◆ PROBLEM STATEMENT
Every single record needs to be restated word for word.

* * * * * * *

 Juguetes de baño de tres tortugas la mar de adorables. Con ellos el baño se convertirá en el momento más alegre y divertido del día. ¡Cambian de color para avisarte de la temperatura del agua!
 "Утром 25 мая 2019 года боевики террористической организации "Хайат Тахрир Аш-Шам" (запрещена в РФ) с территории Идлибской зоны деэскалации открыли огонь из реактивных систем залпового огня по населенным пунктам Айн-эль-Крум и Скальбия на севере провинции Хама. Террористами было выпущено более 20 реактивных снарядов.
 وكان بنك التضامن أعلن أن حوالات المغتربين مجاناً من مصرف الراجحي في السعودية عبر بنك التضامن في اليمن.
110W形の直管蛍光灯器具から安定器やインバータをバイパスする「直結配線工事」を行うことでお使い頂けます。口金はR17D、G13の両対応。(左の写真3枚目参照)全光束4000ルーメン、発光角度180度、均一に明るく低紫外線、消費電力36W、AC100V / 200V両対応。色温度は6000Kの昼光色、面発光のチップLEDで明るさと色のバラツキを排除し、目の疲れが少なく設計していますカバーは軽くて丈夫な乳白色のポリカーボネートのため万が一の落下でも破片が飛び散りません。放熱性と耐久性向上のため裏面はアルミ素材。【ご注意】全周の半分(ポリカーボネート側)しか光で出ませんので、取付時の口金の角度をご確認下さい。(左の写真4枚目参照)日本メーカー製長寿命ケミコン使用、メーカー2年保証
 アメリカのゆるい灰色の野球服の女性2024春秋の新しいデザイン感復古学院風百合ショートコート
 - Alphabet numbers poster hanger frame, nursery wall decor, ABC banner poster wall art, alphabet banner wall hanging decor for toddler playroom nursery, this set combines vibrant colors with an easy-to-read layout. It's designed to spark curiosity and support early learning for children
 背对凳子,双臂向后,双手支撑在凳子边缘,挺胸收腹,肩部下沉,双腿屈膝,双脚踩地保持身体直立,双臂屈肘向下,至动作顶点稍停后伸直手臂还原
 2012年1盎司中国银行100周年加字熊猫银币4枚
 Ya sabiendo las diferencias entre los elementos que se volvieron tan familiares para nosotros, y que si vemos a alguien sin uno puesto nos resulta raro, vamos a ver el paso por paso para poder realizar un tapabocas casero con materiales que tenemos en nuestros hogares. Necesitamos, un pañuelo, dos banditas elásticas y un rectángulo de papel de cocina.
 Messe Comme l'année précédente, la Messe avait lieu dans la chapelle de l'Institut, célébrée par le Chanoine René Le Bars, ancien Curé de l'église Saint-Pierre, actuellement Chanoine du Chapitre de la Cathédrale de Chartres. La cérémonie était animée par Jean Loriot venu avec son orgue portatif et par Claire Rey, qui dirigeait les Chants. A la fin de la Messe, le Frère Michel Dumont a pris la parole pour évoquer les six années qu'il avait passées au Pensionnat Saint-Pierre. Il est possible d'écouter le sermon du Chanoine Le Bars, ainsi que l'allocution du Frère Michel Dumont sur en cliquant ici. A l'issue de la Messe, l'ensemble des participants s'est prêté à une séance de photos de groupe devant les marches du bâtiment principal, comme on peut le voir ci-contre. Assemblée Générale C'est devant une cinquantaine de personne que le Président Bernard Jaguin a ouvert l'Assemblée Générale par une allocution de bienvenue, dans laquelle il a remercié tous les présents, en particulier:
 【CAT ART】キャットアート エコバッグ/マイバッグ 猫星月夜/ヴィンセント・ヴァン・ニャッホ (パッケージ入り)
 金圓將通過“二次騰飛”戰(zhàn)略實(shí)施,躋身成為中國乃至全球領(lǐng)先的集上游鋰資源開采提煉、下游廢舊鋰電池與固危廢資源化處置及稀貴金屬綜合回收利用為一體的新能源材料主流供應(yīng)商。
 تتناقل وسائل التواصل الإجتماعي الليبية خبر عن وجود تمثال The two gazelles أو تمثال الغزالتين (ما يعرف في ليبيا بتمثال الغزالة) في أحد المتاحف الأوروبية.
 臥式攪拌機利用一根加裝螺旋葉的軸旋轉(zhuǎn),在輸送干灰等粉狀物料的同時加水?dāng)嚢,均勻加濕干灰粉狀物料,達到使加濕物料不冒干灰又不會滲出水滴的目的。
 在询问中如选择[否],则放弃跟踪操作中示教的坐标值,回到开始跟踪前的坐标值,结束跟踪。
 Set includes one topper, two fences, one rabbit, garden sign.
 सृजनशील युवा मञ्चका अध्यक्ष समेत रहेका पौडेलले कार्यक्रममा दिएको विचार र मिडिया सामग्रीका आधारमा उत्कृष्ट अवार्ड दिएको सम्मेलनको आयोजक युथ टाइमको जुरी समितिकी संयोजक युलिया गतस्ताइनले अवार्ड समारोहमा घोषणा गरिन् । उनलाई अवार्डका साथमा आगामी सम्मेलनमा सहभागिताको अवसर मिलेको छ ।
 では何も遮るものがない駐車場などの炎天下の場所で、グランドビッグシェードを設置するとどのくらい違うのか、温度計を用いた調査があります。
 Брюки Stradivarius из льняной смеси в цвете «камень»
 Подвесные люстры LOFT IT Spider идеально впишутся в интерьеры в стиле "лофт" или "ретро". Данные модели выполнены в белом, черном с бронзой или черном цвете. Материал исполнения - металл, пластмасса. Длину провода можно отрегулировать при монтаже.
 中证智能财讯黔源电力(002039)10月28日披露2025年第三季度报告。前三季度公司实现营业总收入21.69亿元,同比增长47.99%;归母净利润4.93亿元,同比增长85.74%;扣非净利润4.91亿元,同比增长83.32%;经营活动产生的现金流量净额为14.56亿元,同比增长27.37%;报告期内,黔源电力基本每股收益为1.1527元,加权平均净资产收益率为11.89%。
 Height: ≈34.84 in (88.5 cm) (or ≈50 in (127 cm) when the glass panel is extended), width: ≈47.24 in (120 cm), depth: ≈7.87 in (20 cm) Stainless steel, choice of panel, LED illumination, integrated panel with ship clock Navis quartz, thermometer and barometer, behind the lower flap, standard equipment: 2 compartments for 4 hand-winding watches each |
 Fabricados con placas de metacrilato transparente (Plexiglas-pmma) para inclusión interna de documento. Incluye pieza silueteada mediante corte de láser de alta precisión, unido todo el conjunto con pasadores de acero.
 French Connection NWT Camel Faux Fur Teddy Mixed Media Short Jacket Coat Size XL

* * * * * * *

◆ FINISHED TASK
 Juguetes de baño de tres tortugas la mar de adorables. Con ellos el baño se convertirá en el momento más alegre y divertido del día. ¡Cambian de color para avisarte de la temperatura del agua!
 "Утром 25 мая 2019 года боевики террористической организации "Хайат Тахрир Аш-Шам" (запрещена в РФ) с территории Идлибской зоны деэскалации открыли огонь из реактивных систем залпового огня по населенным пунктам Айн-эль-Крум и Скальбия на севере провинции Хама. Террористами было выпущено более 20 реактивных снарядов.
 وكان بنك التضامن أعلن أن حوالات المغتربين مجاناً من مصرف الراجحي في السعودية عبر بنك التضامن في اليمن.
110W形の直管蛍光灯器具から安定器やインバータをバイパスする「直結配線工事」を行うことでお使い頂けます。口金はR17D、G13の両対応。(左の写真3枚目参照)全光束4000ルーメン、発光角度180度、均一に明るく低紫外線、消費電力36W、AC100V / 200V両対応。色温度は6000Kの昼光色、面発光のチップLEDで明るさと色のバラツキを排除し、目の疲れが少なく設計していますカバーは軽くて丈夫な乳白色のポリカーボネートのため万が一の落下でも破片が飛び散りません。放熱性と耐久性向上のため裏面はアルミ素材。【ご注意】全周の半分(ポリカーボネート側)しか光で出ませんので、取付時の口金の角度をご確認下さい。(左の写真4枚目参照)日本メーカー製長寿命ケミコン使用、メーカー2年保証
 アメリカのゆるい灰色の野球服の女性2024春秋の新しいデザイン感復古学院風百合ショートコート
 - Alphabet numbers poster hanger frame, nursery wall decor, ABC banner poster wall art, alphabet banner wall hanging decor for toddler playroom nursery, this set combines vibrant colors with an easy-to-read layout. It's designed to spark curiosity and support early learning for children
 背对凳子,双臂向后,双手支撑在凳子边缘,挺胸收腹,肩部下沉,双腿屈膝,双脚踩地保持身体直立,双臂屈肘向下,至动作顶点稍停后伸直手臂还原
 2012年1盎司中国银行100周年加字熊猫银币4枚
 Ya sabiendo las diferencias entre los elementos que se volvieron tan familiares para nosotros, y que si vemos a alguien sin uno puesto nos resulta raro, vamos a ver el paso por paso para poder realizar un tapabocas casero con materiales que tenemos en nuestros hogares. Necesitamos, un pañuelo, dos banditas elásticas y un rectángulo de papel de cocina.
 Messe Comme l'année précédente, la Messe avait lieu dans la chapelle de l'Institut, célébrée par le Chanoine René Le Bars, ancien Curé de l'église Saint-Pierre, actuellement Chanoine du Chapitre de la Cathédrale de Chartres. La cérémonie était animée par Jean Loriot venu avec son orgue portatif et par Claire Rey, qui dirigeait les Chants. A la fin de la Messe, le Frère Michel Dumont a pris la parole pour évoquer les six années qu'il avait passées au Pensionnat Saint-Pierre. Il est possible d'écouter le sermon du Chanoine Le Bars, ainsi que l'allocution du Frère Michel Dumont sur en cliquant ici. A l'issue de la Messe, l'ensemble des participants s'est prêté à une séance de photos de groupe devant les marches du bâtiment principal, comme on peut le voir ci-contre. Assemblée Générale C'est devant une cinquantaine de personne que le Président Bernard Jaguin a ouvert l'Assemblée Générale par une allocution de bienvenue, dans laquelle il a remercié tous les présents, en particulier:
 【CAT ART】キャットアート エコバッグ/マイバッグ 猫星月夜/ヴィンセント・ヴァン・ニャッホ (パッケージ入り)
 金圓將通過“二次騰飛”戰(zhàn)略實(shí)施,躋身成為中國乃至全球領(lǐng)先的集上游鋰資源開采提煉、下游廢舊鋰電池與固危廢資源化處置及稀貴金屬綜合回收利用為一體的新能源材料主流供應(yīng)商。
 تتناقل وسائل التواصل الإجتماعي الليبية خبر عن وجود تمثال The two gazelles أو تمثال الغزالتين (ما يعرف في ليبيا بتمثال الغزالة) في أحد المتاحف الأوروبية.
 臥式攪拌機利用一根加裝螺旋葉的軸旋轉(zhuǎn),在輸送干灰等粉狀物料的同時加水?dāng)嚢,均勻加濕干灰粉狀物料,達到使加濕物料不冒干灰又不會滲出水滴的目的。
 在询问中如选择[否],则放弃跟踪操作中示教的坐标值,回到开始跟踪前的坐标值,结束跟踪。
 Set includes one topper, two fences, one rabbit, garden sign.
 सृजनशील युवा मञ्चका अध्यक्ष समेत रहेका पौडेलले कार्यक्रममा दिएको विचार र मिडिया सामग्रीका आधारमा उत्कृष्ट अवार्ड दिएको सम्मेलनको आयोजक युथ टाइमको जुरी समितिकी संयोजक युलिया गतस्ताइनले अवार्ड समारोहमा घोषणा गरिन् । उनलाई अवार्डका साथमा आगामी सम्मेलनमा सहभागिताको अवसर मिलेको छ ।
 では何も遮るものがない駐車場などの炎天下の場所で、グランドビッグシェードを設置するとどのくらい違うのか、温度計を用いた調査があります。
 Брюки Stradivarius из льняной смеси в цвете «камень»
 Подвесные люстры LOFT IT Spider идеально впишутся в интерьеры в стиле "лофт" или "ретро". Данные модели выполнены в белом, черном с бронзой или черном цвете. Материал исполнения - металл, пластмасса. Длину провода можно отрегулировать при монтаже.
 中证智能财讯黔源电力(002039)10月28日披露2025年第三季度报告。前三季度公司实现营业总收入21.69亿元,同比增长47.99%;归母净利润4.93亿元,同比增长85.74%;扣非净利润4.91亿元,同比增长83.32%;经营活动产生的现金流量净额为14.56亿元,同比增长27.37%;报告期内,黔源电力基本每股收益为1.1527元,加权平均净资产收益率为11.89%。
 Height: ≈34.84 in (88.5 cm) (or ≈50 in (127 cm) when the glass panel is extended), width: ≈47.24 in (120 cm), depth: ≈7.87 in (20 cm) Stainless steel, choice of panel, LED illumination, integrated panel with ship clock Navis quartz, thermometer and barometer, behind the lower flap, standard equipment: 2 compartments for 4 hand-winding watches each |
 Fabricados con placas de metacrilato transparente (Plexiglas-pmma) para inclusión interna de documento. Incluye pieza silueteada mediante corte de láser de alta precisión, unido todo el conjunto con pasadores de acero.
 French Connection NWT Camel Faux Fur Teddy Mixed Media Short Jacket Coat Size XL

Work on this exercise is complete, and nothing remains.